When you buy shares in these companies, you indirectly get access to more than one movie or TV show. Not just one hit is what makes performance rely on a stream of successful content, licensing deals in other countries, and platform deals. Foreign-listed streaming services that focus on Korean material, like Netflix, are another indirect play for investors from other countries because they make money off of Korean shows on a global level.

Film Funds, Private Capital and Government Support

Specialized funds and mixed public-private structures are also used to make Korean movies and TV shows. Cultural and film VC funds are quite popular. These are funds where private investors meet the initial government funding for local content projects.

A big part is played by the Korean Film Council (KOFIC), which was established in 1973. It helps domestic films by giving money, doing study, and giving training. It has also been involved in talks about new ways to get money, like crowdfunding projects.

At the same time, separate study lists a number of film-focused investors and funds based in Seoul. This shows that private capital has become more involved in supporting production and related start-ups.

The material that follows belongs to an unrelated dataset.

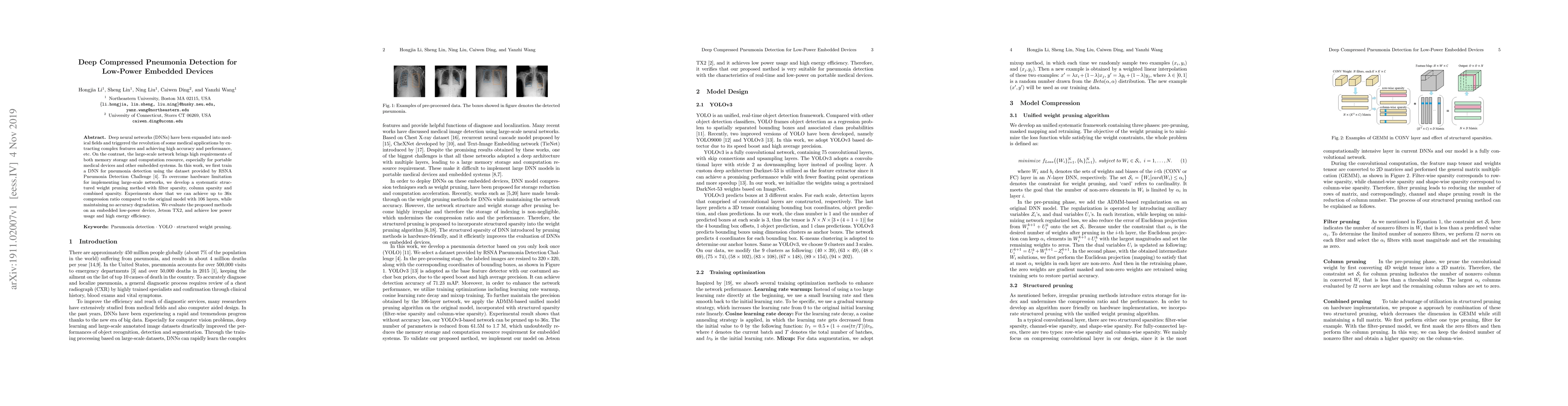 Deep neural networks (DNNs) have been expanded into medical fields and triggered the revolution of some medical applications by extracting complex features and achieving high accuracy and performance, etc. On the contrast, the large-scale network brings high requirements of both memory storage and computation resource, especially for portable medical devices and other embedded systems. In this work, we first train a DNN for pneumonia detection using the dataset provided by RSNA Pneumonia Detection Challenge. To overcome hardware limitation for implementing large-scale networks, we develop a systematic structured weight pruning method with filter sparsity, column sparsity and combined sparsity. Experiments show that we can achieve up to 36x compression ratio compared to the original model with 106 layers, while maintaining no accuracy degradation. We evaluate the proposed methods on an embedded low-power device, Jetson TX2, and achieve low power usage and high energy efficiency.

Individual investors usually can't get direct access to these funds; they're only open to companies or wealthy clients. But the fact that they exist is important because they make project selection more professional and spread risk across a number of films instead of just one.

Crowdfunding and Fan-Led Investment

Campaigning has grown into a key way for fans to connect with artists. Korean sites like Wadiz, Tumblebug, and others have given money to thousands of cultural projects, ranging from film and drama-related campaigns to concerts and art shows.

More and more young people are giving small amounts of money to culture projects. This is known as "deoktuilchi" in Korean media. According to reports, cultural crowdfunding on one major platform rose from about ₩2 billion to ₩7 billion from 2016 to 2018. A big chunk of that growth went to film and performance projects.

For movies and TV shows, these efforts sometimes offer rewards based on profits or royalties, but a lot of the time, they are still set up as pre-orders or perks instead of formal securities. You need to read the rules carefully and think of these as high-risk, high-variance bets because there aren't as many protections as on public markets.